* What is needed: Would you print the lines below exactly, beginning at the line that has "Lintasoheo.com | Konut" and stopping after the line that has "- Population municipale"? Only those lines, and no pictures.

* Material provided:
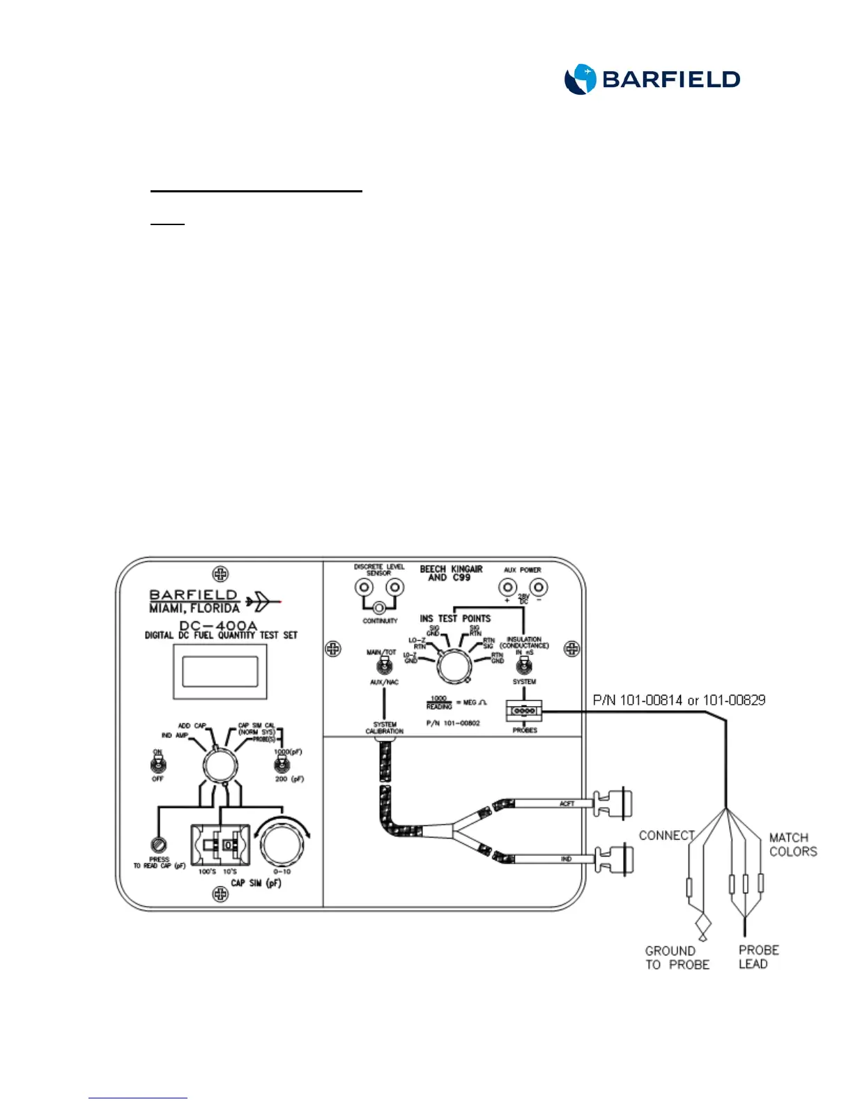 (2) Connect the Beech probe adapter, P/N 101-00829 or 101-00814, to
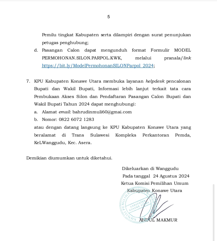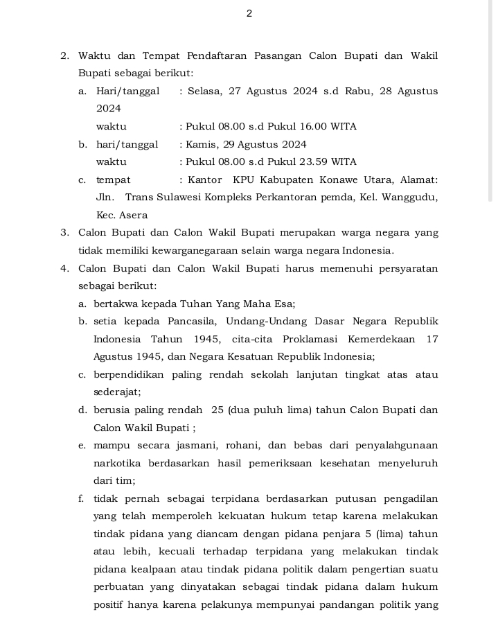 Lintasoheo.com | Konut – Komisi Pemilihan Umum Mengumumkan Pendaftaran Pasangan Calon Bupati dan Wakil Bupati Kabupaten Konawe Utara, (Konut), Provinsi Sulawesi Tenggara(Sultra) Tahun 2024.Dengan NOMOR : 634/PL.02.2-Pu/7409/2/2024.
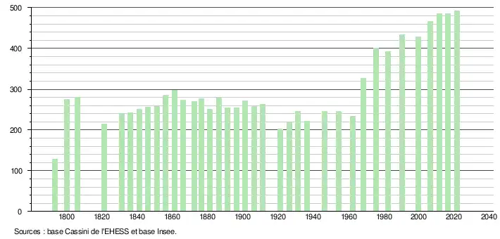 - Population municipale légale en vigueur au 1er janvier 2024, millésimée 2021, définie dans les limites territoriales en vigueur au 1er janvier 2023, date de référence statistique : 1er janvier 2021.
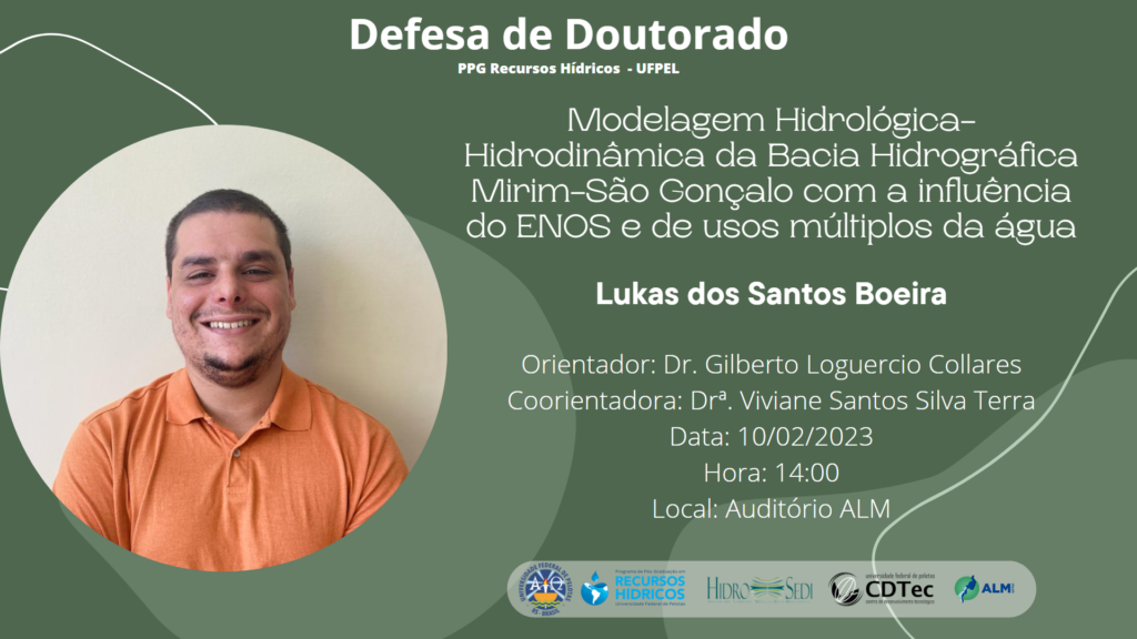 O grupo Hidrosedi fica feliz em convidar a todos para assistirem a defesa de tese de doutorado do pesquisador Lukas dos Santos Boeira, com o titulo: Modelagem Hidrológica-Hidrodinâmica da Bacia Hidrográfica Mirim-São Gonçalo com a influência do ENOS e de usos múltiplos da água.

* Answer:
 Lintasoheo.com | Konut – Komisi Pemilihan Umum Mengumumkan Pendaftaran Pasangan Calon Bupati dan Wakil Bupati Kabupaten Konawe Utara, (Konut), Provinsi Sulawesi Tenggara(Sultra) Tahun 2024.Dengan NOMOR : 634/PL.02.2-Pu/7409/2/2024.
 - Population municipale légale en vigueur au 1er janvier 2024, millésimée 2021, définie dans les limites territoriales en vigueur au 1er janvier 2023, date de référence statistique : 1er janvier 2021.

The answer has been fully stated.